We found out at one point that Sussex UCU voted in favour of strike action, and a cheer went up.
There was music and people in amusing costumes, so it seemed fine, although it was cold.
Some of the police were perfectly civil and spoke to us as if we were human beings.
There was one sergeant, however, who was completely nasty to everyone. I’ve heard that the personality type that goes into police work is the same personality type that goes into crime– I believe it.
Did you know that it’s apparently illegal to swear in front of the police?
As the afternoon wore on, riot police showed up with the tools of their trade– weapons and dogs. The atmosphere became a lot less pleasant. The riot police were clearly there to escalate the situation and frighten everyone.
At one point, students tried to rush into the building. Bad idea. The police responded as police do: with violence.
I stood ten feet away and watched the police brutally shove and beat two students who had not struck them. I’d never witnessed police brutality firsthand before, and it’s not something I’m keen to experience again. It was deeply disturbing.
One officer with a dog essentially threatened another photographer with being bitten if she didn’t stay back.
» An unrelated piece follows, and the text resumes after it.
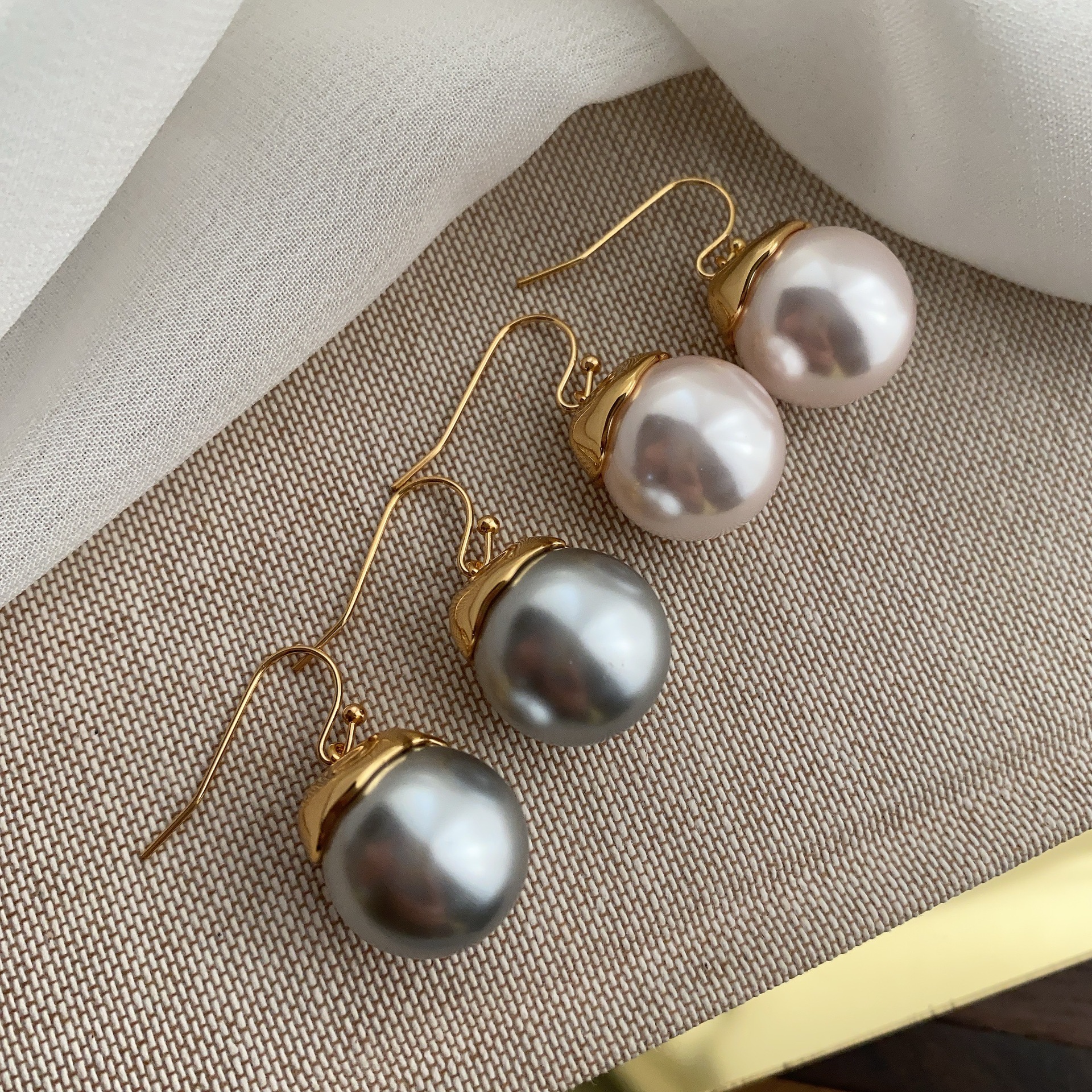 New Artificial Pearl Earrings, Simple and Personalized Ear Hooks, Simple and Versatile, Fashionable Gold High-End Earrings for Women

The police kept pushing and pushing. There’s a technique called “kettling” which they use at the SmashEDO protests– you trap the protesters in a small area and essentially do what you can to infuriate them.
It was pretty grim at that point, getting colder and colder as the sun set. I worried that the police would wait for nightfall and drag the occupiers out one by one. We tried to keep ourselves warm with dancing. Lots of people were taking video, which will come in handy for complaints about the police brutality.
Eventually at about 6pm the occupiers left of their own volition with arms linked. The crowd welcomed them with cheers and chanting. We danced around to some more music, and then people started to go their separate ways.
This experience has left me shaken. I’ve come from it with a greater respect for people who do this sort of thing on a regular basis and a much greater distrust of the police. Their behaviour, and the craven behaviour of management, is an illustration of what people with power will do to maintain it: anything.
Management have failed to do a lot of things properly, but what they failed to do yesterday is prove to me that they’re not precisely the sort of rapacious, evil, and incompetent tin dictators that people have been saying they are. They called riot police on their own students, riot police which then brutalised said students, and they blatantly attempted to use their own refusal to leave the building as an escalation tactic. Shame on all of them.
The campaign will continue. We will occupy again. We will support UCU in strike action. This is OUR university.